Welcome to our dedicated page for Algorhythm Holdings SEC filings (Ticker: RIME), a comprehensive resource for investors and traders seeking official regulatory documents including 10-K annual reports, 10-Q quarterly earnings, 8-K material events, and insider trading forms.

The Algorhythm Holdings, Inc. (NASDAQ: RIME) SEC filings page on Stock Titan brings together the company’s regulatory disclosures, including Forms 10-K, 10-Q, 8-K, proxy statements, and registration statements. Algorhythm is a smaller reporting company that has transitioned into an AI logistics and distribution business centered on SemiCab, and its filings provide detailed insight into this transformation, its capital structure, and its risk profile.

Through annual reports on Form 10-K and quarterly reports on Form 10-Q, investors can review Algorhythm’s financial statements, segment information related to SemiCab, and discussions of material weaknesses, liquidity, and operating performance. Current reports on Form 8-K document key events such as the sale of the legacy Singing Machine karaoke business, the acquisition of SMCB Solutions Private Limited to expand SemiCab in India, the launch of the Apex SaaS platform, changes in independent registered public accounting firms, director and officer appointments and resignations, and stockholder votes on matters like reverse stock split authority, reincorporation, and equity incentive plan amendments.

Registration statements on Form S-1 and S-1/A describe Algorhythm’s arrangements with investors such as Streeterville Capital, LLC, including pre-paid purchase structures, commitment shares, and resale registration for common stock and warrants. These documents outline potential dilution, use of proceeds, and the company’s status as a smaller reporting company. Proxy materials on Schedule 14A provide additional context on corporate governance, board composition, and stockholder proposals.
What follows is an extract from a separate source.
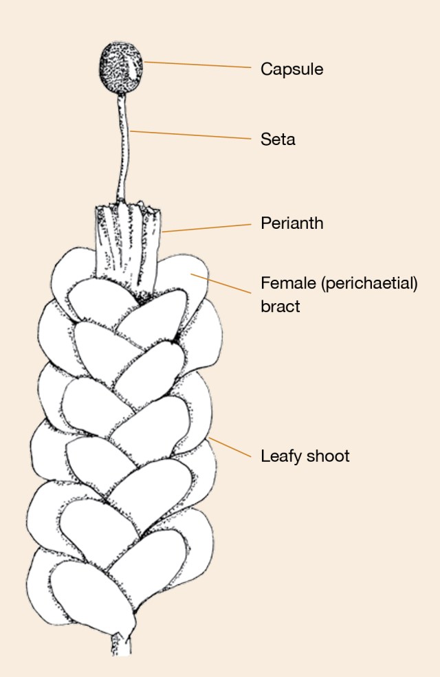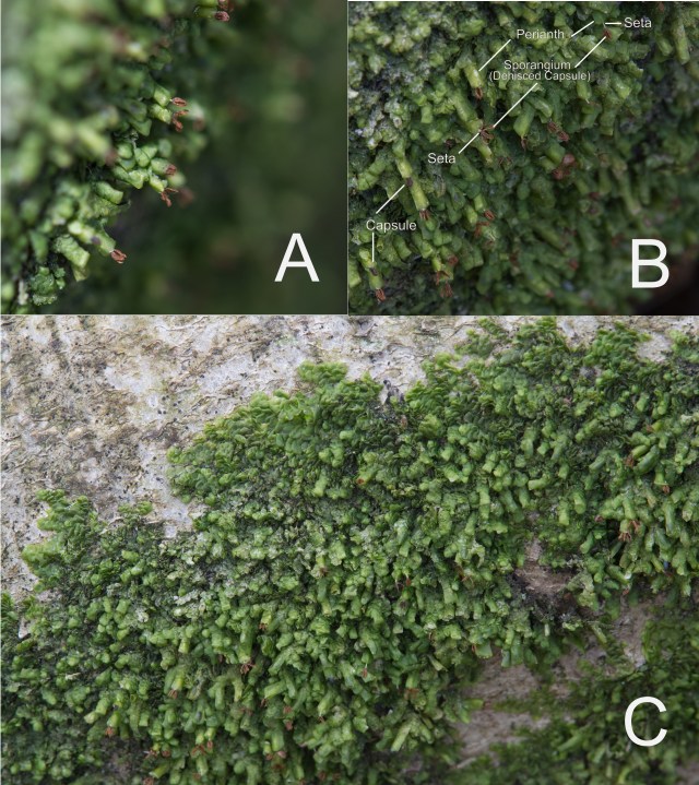 Flat-leaved Scalewort is often found in damp, shaded areas, and plays a significant role in nutrient cycling and carbon fixation. When I had a closer look at this creeping plant, I noticed bluish and brown ‘blobs’ extending from the rectangular perianths. These I later learned were the capsules of sporophytes emerging from the fertile gametophyte to release spores when mature. The short seta elevates the sporangium above the perianth and when mature, the sporangium dehisces (splits open) along four lines of weakness in the capsule wall to disperse spores. Within the capsule, elators (tubular cells with spiral thickenings) help release the spores.

On Stock Titan, Algorhythm’s filings are supplemented with AI-powered summaries that explain the significance of lengthy documents, highlight major changes from prior periods, and flag items that may affect shareholders, such as financing terms, auditor changes, and governance actions. Real-time updates from EDGAR ensure that new 8-Ks, 10-Qs, and 10-Ks appear promptly, while Form 4 insider transaction reports, when filed, can help users track equity awards and share activity by directors and officers. By using these tools, investors can navigate Algorhythm’s evolving AI logistics strategy, capital markets activity, and compliance record without reading every line of each filing.

Rhea-AI Summary

Algorhythm Holdings, Inc. entered into a new secured pre-paid equity financing with Streeterville Capital, labeled Secured Pre-Paid Purchase #4. This fourth pre-paid purchase has a principal amount of $10,355,000, carries 9% annual interest and a three-year maturity.

The company received $9,500,000 in proceeds, of which $3,500,000 was placed into a controlled deposit account that secures the obligation, subject to a minimum balance formula tied to the outstanding principal. A wholly owned subsidiary, RIME Holdings, LLC, provided a guaranty. Univest Securities, LLC earns cash fees equal to 8% of the funds released to the company outside the secured account.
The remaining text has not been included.